We consider an SVMs with n inputs, m classes, and k support vectors. The first part of the NIR computes the kernel, which is a product of each support vector with the input, to which the kernel function f is applied. The shape of the tensor out of the f layer is (k). For each pair \((cl_1,cl_2)\) of classes, the equation described above is implemented in two layers of types MatMul and Add respectively that use the dual coefficients c and the intercepts i. There are \(p=\frac{m(m-1)}{2}\) pairs, meaning that c has shape (k,p) and i shape (p). A Sign operator is applied to the output in order to determine whether the sum is positive or negative; thus, the output of the Sign operator has shape (p). Finally, the score of each class is added up through a MatMul which indicates for instance that the output associated with the pair of classes (1,3)

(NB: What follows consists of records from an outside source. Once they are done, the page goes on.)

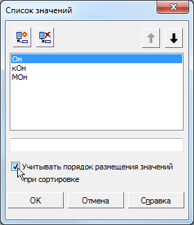 2.1. При вводе списка значений для седьмой колонки расположите строки в порядке: Ом, кОм, МОм (см. рисунок). При необходимости воспользуйтесь кнопками Переместить значение в списке вверх
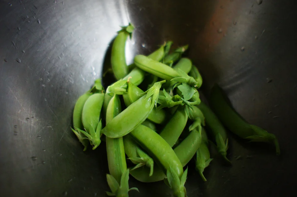 Dark, dark red leafed lettuces (S.G.), dressed simply in olive oil/dash of white wine vinegar/cracked pepper/lemon salt. Topped with delicately opened english shelling peas (S.G), the casing of which were filled in with deep, rich (fancy, expensive) balsamic vinegar, matching the lettuce and complimenting the crisp sweetness of the peas. Shavings of a spanish semi-hard goat's cheese recommended by the cheesemonger at City Market. I'd tell you what it's called, but saving cheese wrappers is never something I actually remember to do. And if I did, I'd be one of those people who saved cheese wrappers, and so on.
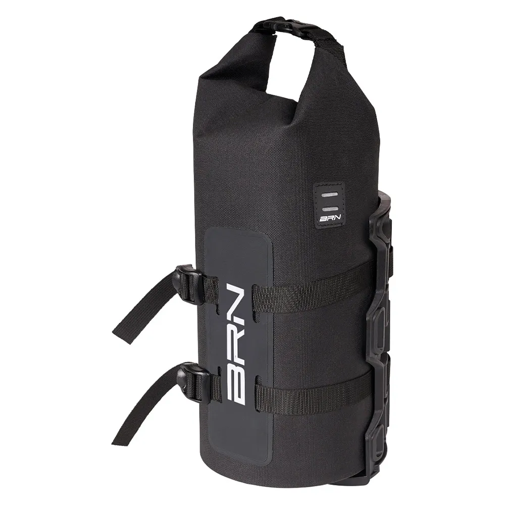 Expand your cycling adventures with the BRN Cargo Fork Bag. This 3.8L bag offers a smart, streamlined solution for bikepackers and commuters needing extra space. Its fully waterproof, robust Cordura construction and secure roll-top closure keep your gear completely dry and protected on any terrain. Designed for stability, it won´t compromise your balance or handling. The versatile mounting system fits forks with 3-bolt cages or attaches securely with straps, making it a perfect upgrade for almost any bike. Carry more and explore further with confidence
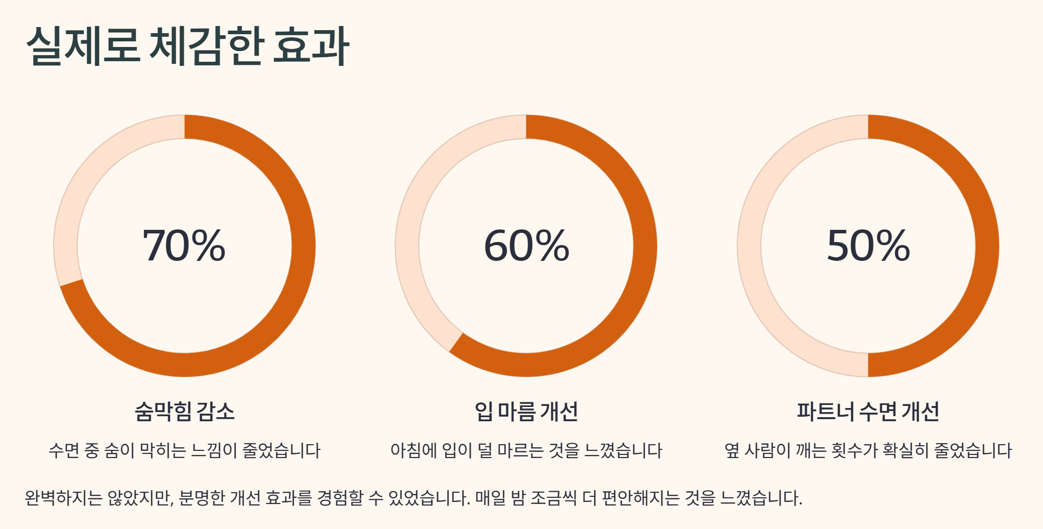 코골이 방지기구를 사용한 뒤 가장 먼저 느낀 변화는 수면 중 숨이 막히는 느낌이 줄었다는 점이다. 아침에 입이 덜 마르고, 옆 사람이 깨는 횟수도 확실히 줄었다. 완벽하지는 않았지만 분명한 개선은 있었다, 경험했다.
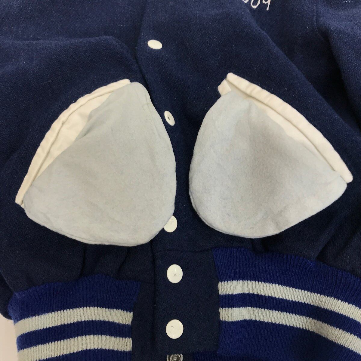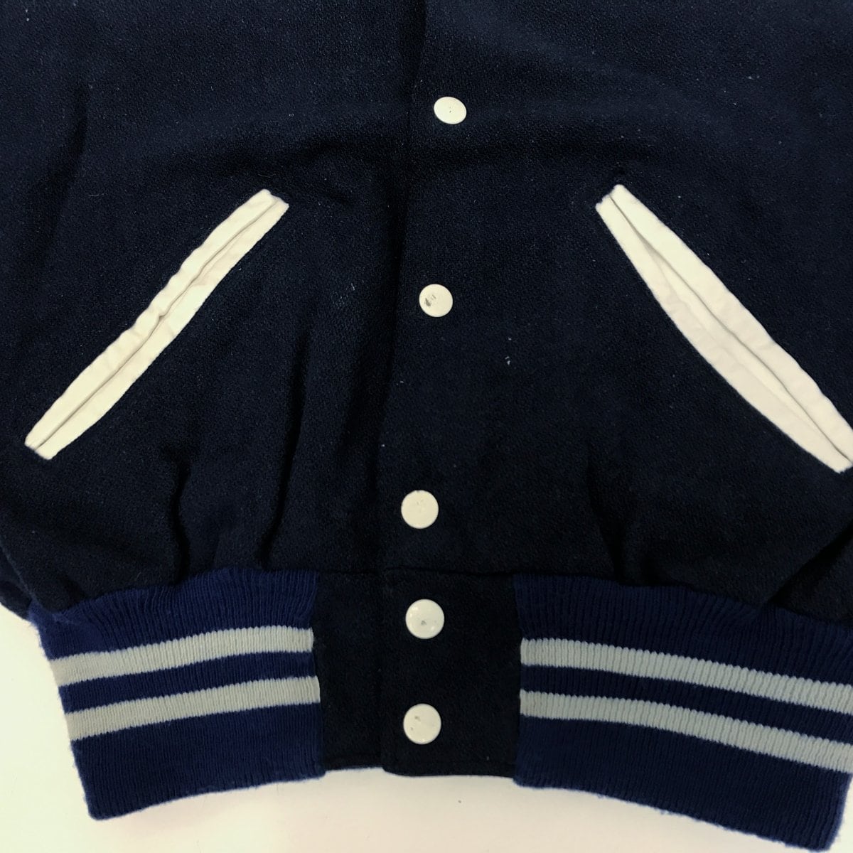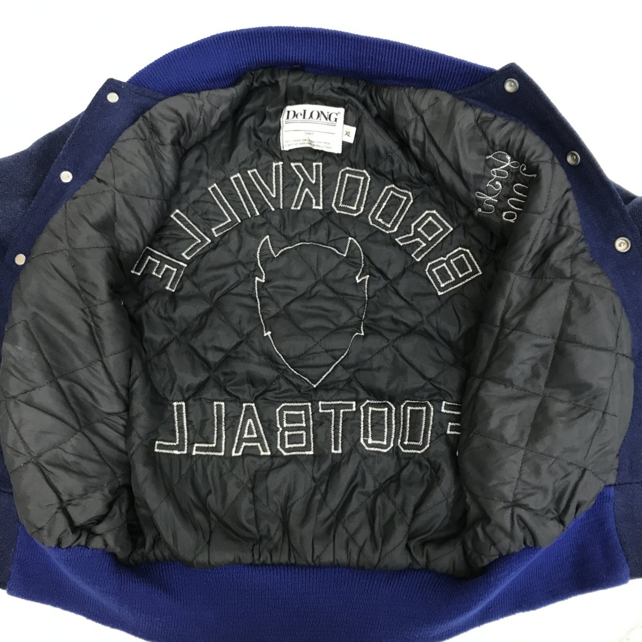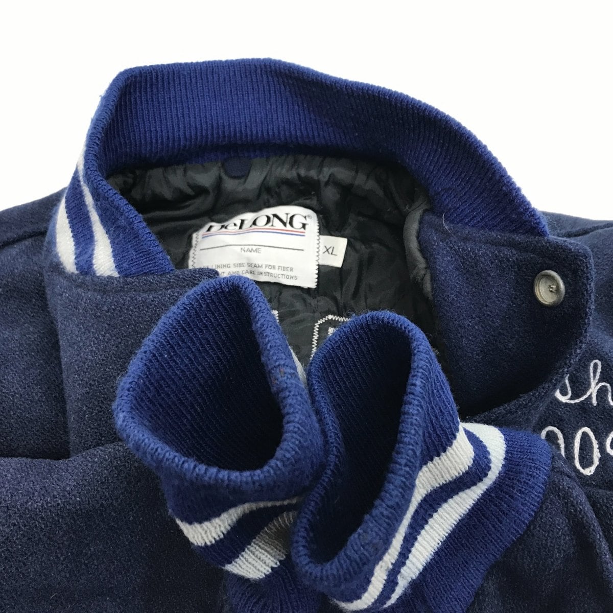DeLONG デロング スタジャン 90〜 00年代 ウールメルトン DEVIL パッチ 裏 中綿 キルト スタジャン アワードジャケット ネイビーブルー M 長袖

  • should be added to the score of class 1 as is (multiplied by 1),

  • is relevant to the score of class 3 but should be inverted (multiplied by -1),

  • and is irrelevant to the other classes (multiplied by 0).

This gives us an output tensor of shape (m).

Nir representing an Ovo

4.3.3.1. Example

We illustrate the use of CAISAR to verify properties of SVMs. Our goal will be to verify local robustness of the input SVM around some input points.

We consider the SVM available on CAISAR’s example folder: linear-1k.ovo and the dataset input.csv. We want to verify that the two input points in the dataset are locally robust.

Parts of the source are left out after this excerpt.